Healthy tuna fish sandwich

I won’t lie to you.


I. love. Canned. Tuna. Fish…With mayo. It’s one of those comfort foods from my childhood…canned tuna (with mayo) on warm toast. As a kid, I HATED when my mother would sneak icky celery, scallions or - heaven forbid - onion in it. I just wanted it plain. With mayo. Did I mention the mayo?


Well, I’ve since grown up to have a more mature palate (perhaps ;) and am aware that slathering mayo on toast probably isn’t the healthiest lunch. And I know the science behind all the heart healthy omega three fatty acids in tuna and why fatty fish should be added to your weekly routine at least twice. (Click here to read my easy guide to cooking fish) So, I’ve come up with a few quick and easy healthy canned tuna recipe ideas to integrate in my family’s routine.


Canned tuna is also a great backup pantry item. It’s always there, just waiting to be opened when you’ve run out of other ideas. If I don’t make a lunch for my husband, he buys lunch out every day. He works in an area with a great selection of restaurants, so I can’t blame him, but this can easily add up to $50.00 per week. Absurd.

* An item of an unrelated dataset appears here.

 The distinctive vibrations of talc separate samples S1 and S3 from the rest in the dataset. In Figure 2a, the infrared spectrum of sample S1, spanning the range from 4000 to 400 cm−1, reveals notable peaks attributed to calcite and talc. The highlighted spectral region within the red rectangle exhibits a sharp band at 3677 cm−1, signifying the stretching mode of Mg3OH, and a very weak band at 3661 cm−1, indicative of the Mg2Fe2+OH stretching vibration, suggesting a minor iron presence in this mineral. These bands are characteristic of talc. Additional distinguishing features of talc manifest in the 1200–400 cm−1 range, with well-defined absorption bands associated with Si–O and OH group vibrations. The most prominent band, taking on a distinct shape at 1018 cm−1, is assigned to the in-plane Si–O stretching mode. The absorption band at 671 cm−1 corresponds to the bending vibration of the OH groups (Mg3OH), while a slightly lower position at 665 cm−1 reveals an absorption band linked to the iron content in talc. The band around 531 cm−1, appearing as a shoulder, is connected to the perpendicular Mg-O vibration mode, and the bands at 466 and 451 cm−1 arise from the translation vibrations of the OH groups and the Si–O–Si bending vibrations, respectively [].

Even if I can whip up a couple quick lunches each week, it’ll save quite a bit of money. (In case you’re worried about mercury in tuna, read my article on how much fish you (and little kiddos) should, and can, eat safely.) Canned tuna (or other fish) has always made a healthy, quick lunch. (And still does.)


These 5 variations of a quick and healthy tuna salad recipe should keep the boredom down and the omega 3’s up!

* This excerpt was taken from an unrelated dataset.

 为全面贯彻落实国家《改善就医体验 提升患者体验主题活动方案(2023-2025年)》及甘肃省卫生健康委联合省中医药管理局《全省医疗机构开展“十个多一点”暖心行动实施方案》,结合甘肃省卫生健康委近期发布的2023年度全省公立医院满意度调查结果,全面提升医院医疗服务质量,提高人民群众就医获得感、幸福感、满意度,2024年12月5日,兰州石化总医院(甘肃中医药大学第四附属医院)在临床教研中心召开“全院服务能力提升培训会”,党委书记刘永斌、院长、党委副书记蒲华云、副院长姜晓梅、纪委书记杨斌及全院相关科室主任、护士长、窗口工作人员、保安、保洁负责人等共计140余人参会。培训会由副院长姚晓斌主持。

Mix 1 or more cans of solid white tuna with a little mayo, or a little extra virgin olive oil, and enjoy experimenting!


5 Simple Tuna Fish Recipes

Simple, Easy and Healthy Canned Tuna Recipes


1. Fresh, thyme, chopped celery, shredded carrots, chopped scallions

2. Black olives, capers, grated red onion, celery, garlic

3. Dijon mustard, halved cherry tomatoes, chopped cucumber

4. Italian tuna (packed in oil), fresh lemon juice, chopped fresh parsley

5. Chopped avocado + halved cherry tomatoes


What's your favorite healthy way to make tuna?